TASK REQUIREMENTS:
Please transcribe every entry below exactly, without including the pictures.
DATA SUPPLIED Block Start
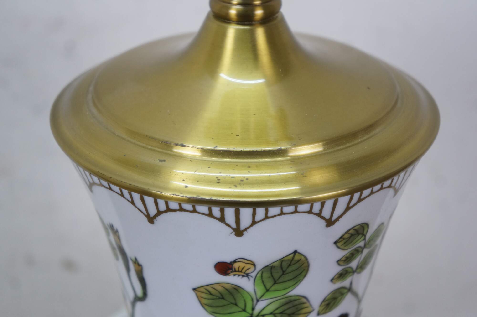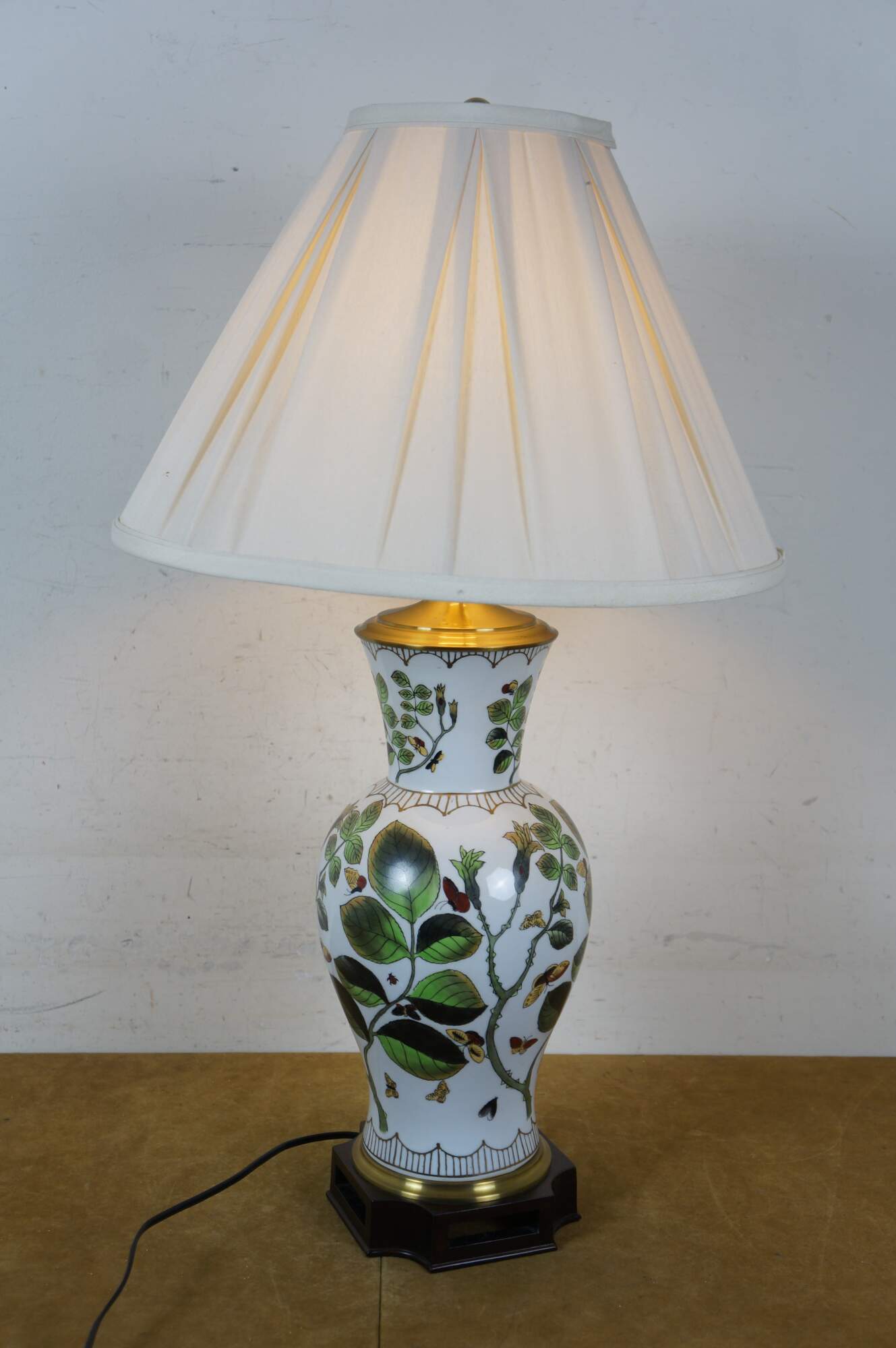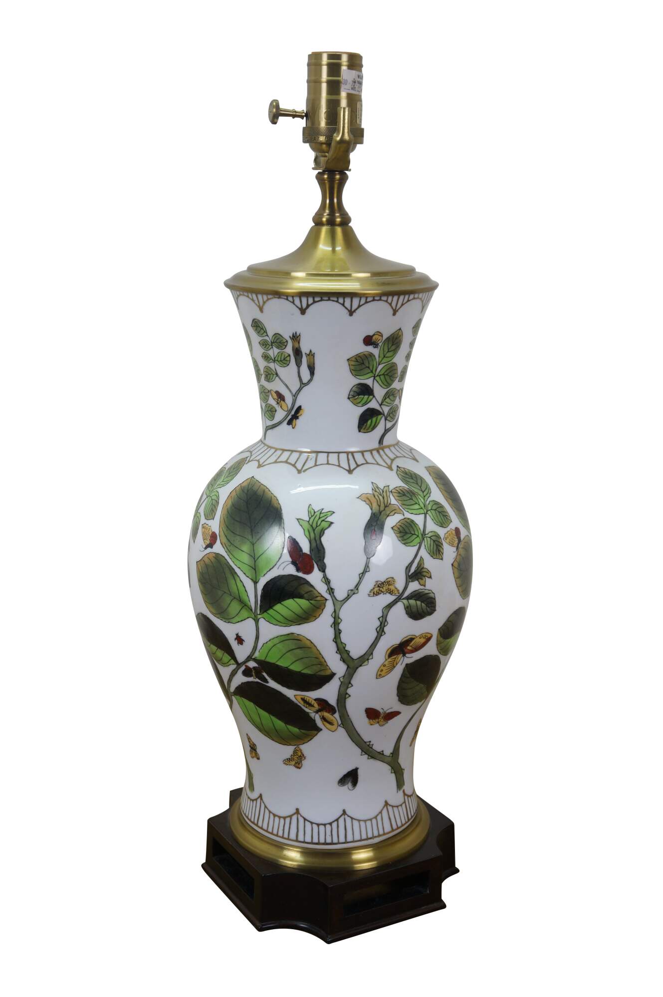 Circa 1980's Wildwood table lamp - Chinoiserie style white porcelain vase shaped body, hand painted with leaves, branches and butterflies, brass accents and a squared off wooden base. Includes harp, orb finial, and white fabric shade.
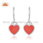 Dainty Stud In White Rhodium On Silver 925 With Light Red Enamel
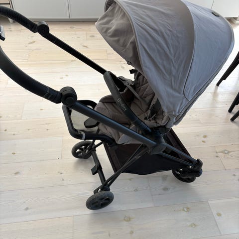 Svart Cybex beezy sittvagn med bygel, sele och stor varukorg under. Smidig vagn med svängbara framhjul och justerbart ryggstöd. Den blir liten när man fäller ihop den väldigt fin och sparsamt använd finns EN repa som finns på bild annars inga konstigheter med vagnen!!
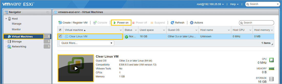 Figure 16: VMware ESXi - Navigator > Virtual Machines > Power on VM¶
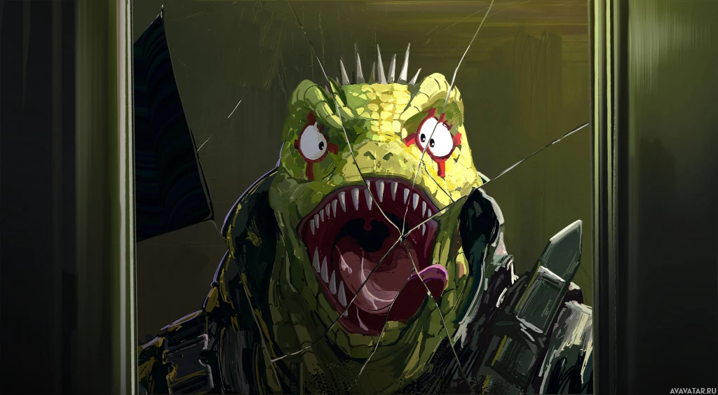 animated character that resembles an Argonian from the game "The Elder Scrolls V: Skyrim." It has the distinctive features of an Argonian, such as
DATA SUPPLIED Block End
ANSWER SPACE:
 Circa 1980's Wildwood table lamp - Chinoiserie style white porcelain vase shaped body, hand painted with leaves, branches and butterflies, brass accents and a squared off wooden base. Includes harp, orb finial, and white fabric shade.
 Dainty Stud In White Rhodium On Silver 925 With Light Red Enamel
 Svart Cybex beezy sittvagn med bygel, sele och stor varukorg under. Smidig vagn med svängbara framhjul och justerbart ryggstöd. Den blir liten när man fäller ihop den väldigt fin och sparsamt använd finns EN repa som finns på bild annars inga konstigheter med vagnen!!
 Figure 16: VMware ESXi - Navigator > Virtual Machines > Power on VM¶
 animated character that resembles an Argonian from the game "The Elder Scrolls V: Skyrim." It has the distinctive features of an Argonian, such as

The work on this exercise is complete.